[DATA UNDER STUDY]:
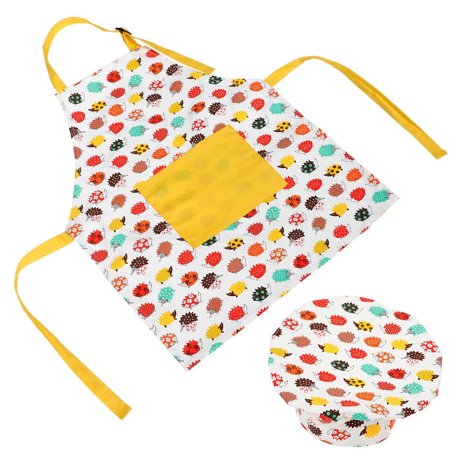 Kids Apron and Chef Hat Cotton Apron for Cooking 1Set with Assorted Colors
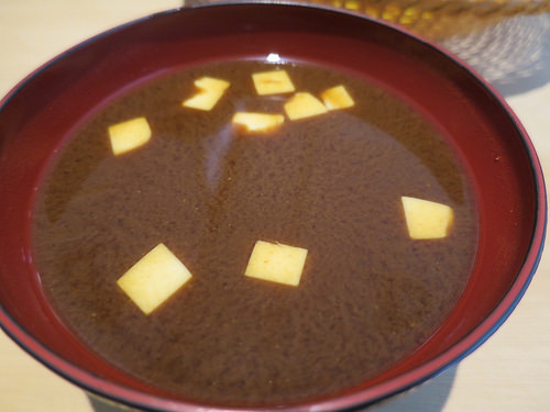 こちらがセットの味噌汁です。赤だしのいい匂い。味噌汁って癒やされますね♡おにぎりと合う。
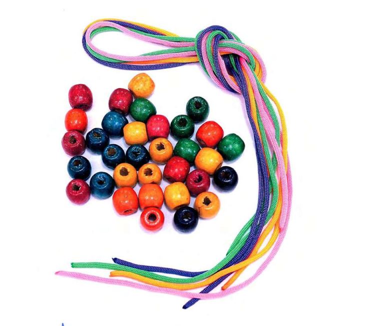 Material: Wood Approximate Dimension: dia 25 mm with 3 mm dia hole through with 1 meter lace, Color: Multi Quantity: 35 no.'s
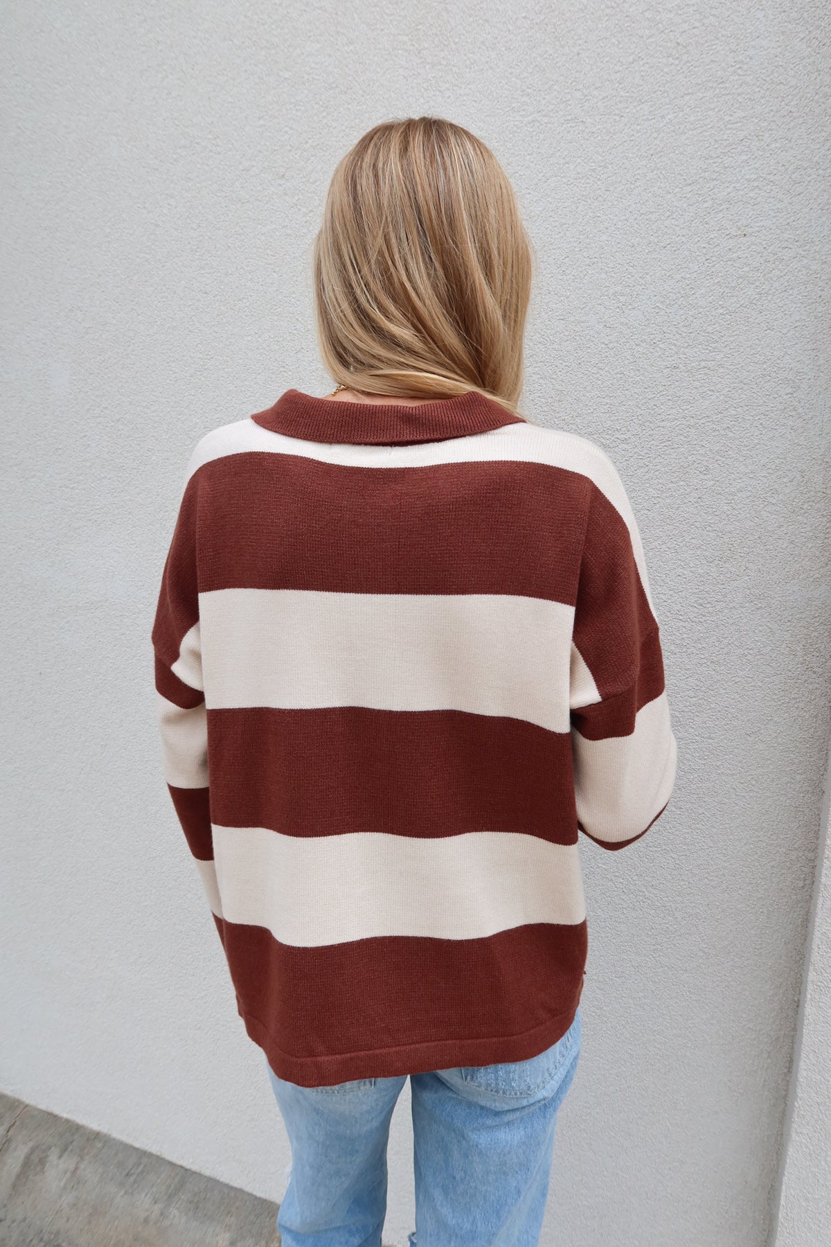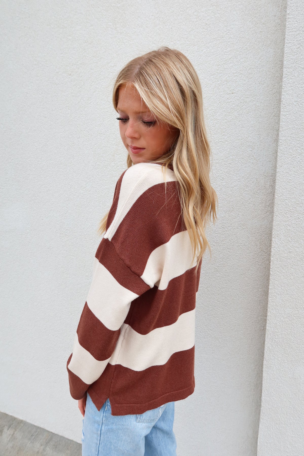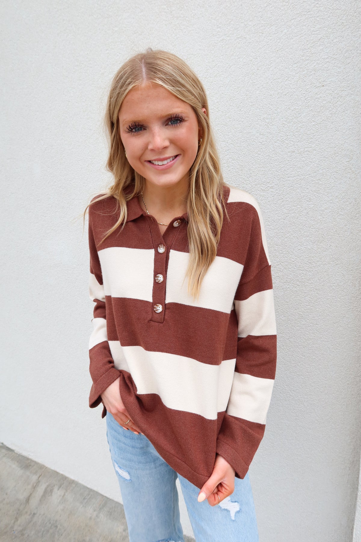 Embrace cozy style with the Latte Lines Brown Striped Sweater, designed to add warmth and effortless charm to your wardrobe. Its soft fabric and classic striped pattern create a versatile look perfect for layering or wearing on its own. Ideal for casual outings or relaxed days, this sweater combines comfort and timeless design to keep you looking polished and feeling comfortable all day long.
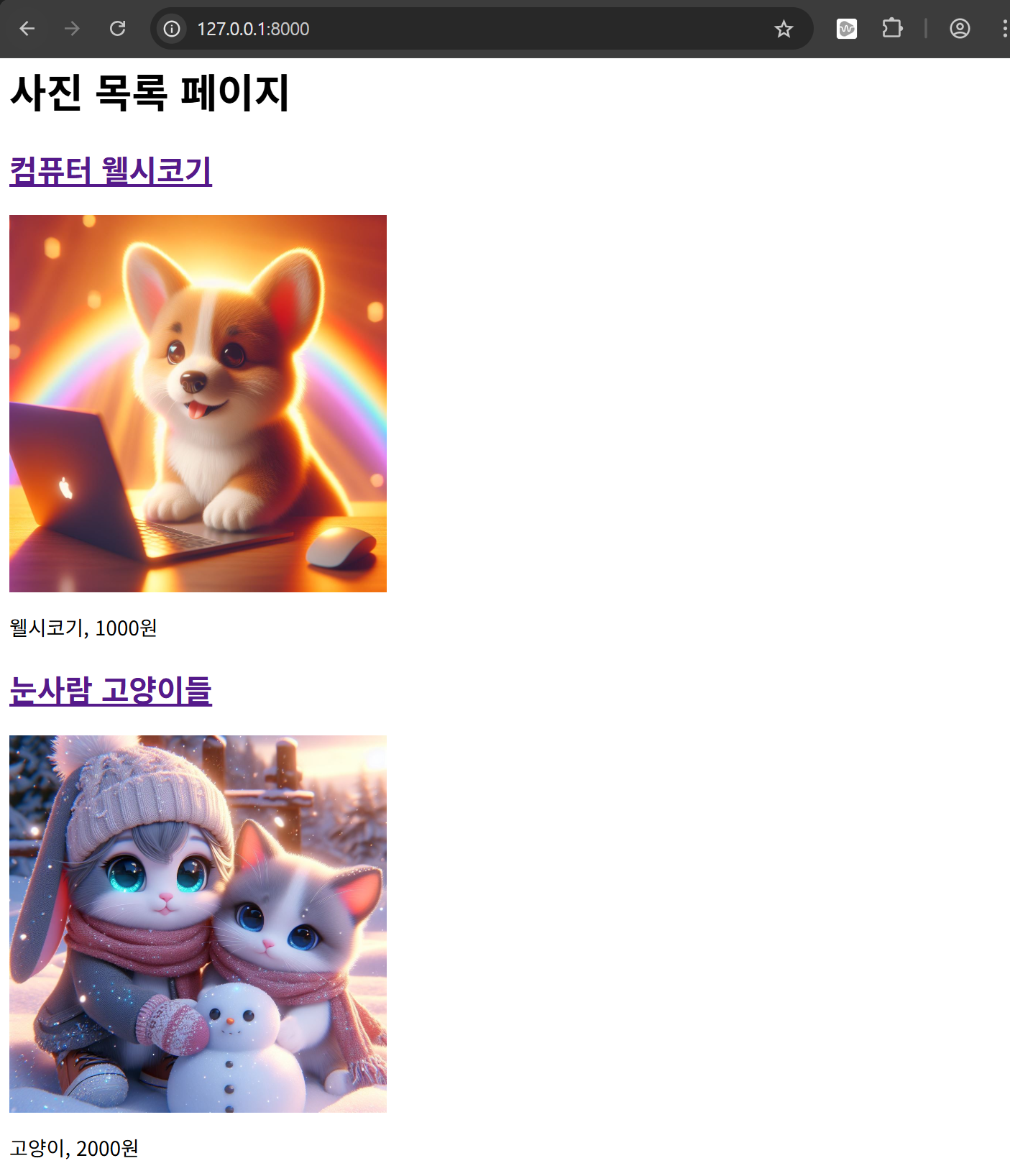 이제 다시 실행해 보면 관리자 페이지에서 등록한 사진들이 잘 나오는 것을 확인 할 수 있다.
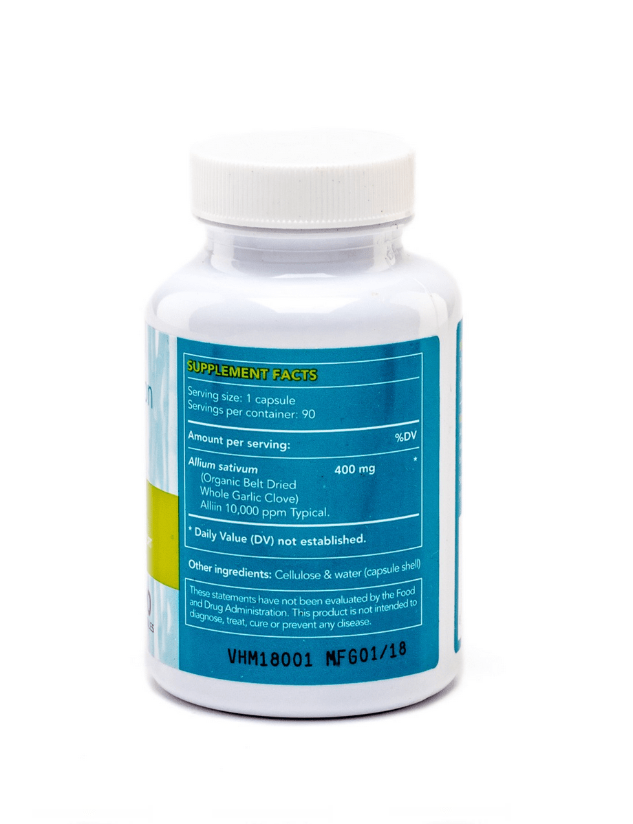 Pure High Actives organic garlic. QAI Certified. Exceptionally potent 26,800 ppm alliin (the industry standard for high potency is 10,000 ppm alliin). Advanced air/belt dying technology. No excipients. 60 capsule per bottle. 500 mg per vegetarian capsule.

[WORK ORDER]:
Please reproduce the entries above line by line, exactly, leaving out each image.

[SOLUTION TO THE PROBLEM]:
 Kids Apron and Chef Hat Cotton Apron for Cooking 1Set with Assorted Colors
 こちらがセットの味噌汁です。赤だしのいい匂い。味噌汁って癒やされますね♡おにぎりと合う。
 Material: Wood Approximate Dimension: dia 25 mm with 3 mm dia hole through with 1 meter lace, Color: Multi Quantity: 35 no.'s
 Embrace cozy style with the Latte Lines Brown Striped Sweater, designed to add warmth and effortless charm to your wardrobe. Its soft fabric and classic striped pattern create a versatile look perfect for layering or wearing on its own. Ideal for casual outings or relaxed days, this sweater combines comfort and timeless design to keep you looking polished and feeling comfortable all day long.
 이제 다시 실행해 보면 관리자 페이지에서 등록한 사진들이 잘 나오는 것을 확인 할 수 있다.
 Pure High Actives organic garlic. QAI Certified. Exceptionally potent 26,800 ppm alliin (the industry standard for high potency is 10,000 ppm alliin). Advanced air/belt dying technology. No excipients. 60 capsule per bottle. 500 mg per vegetarian capsule.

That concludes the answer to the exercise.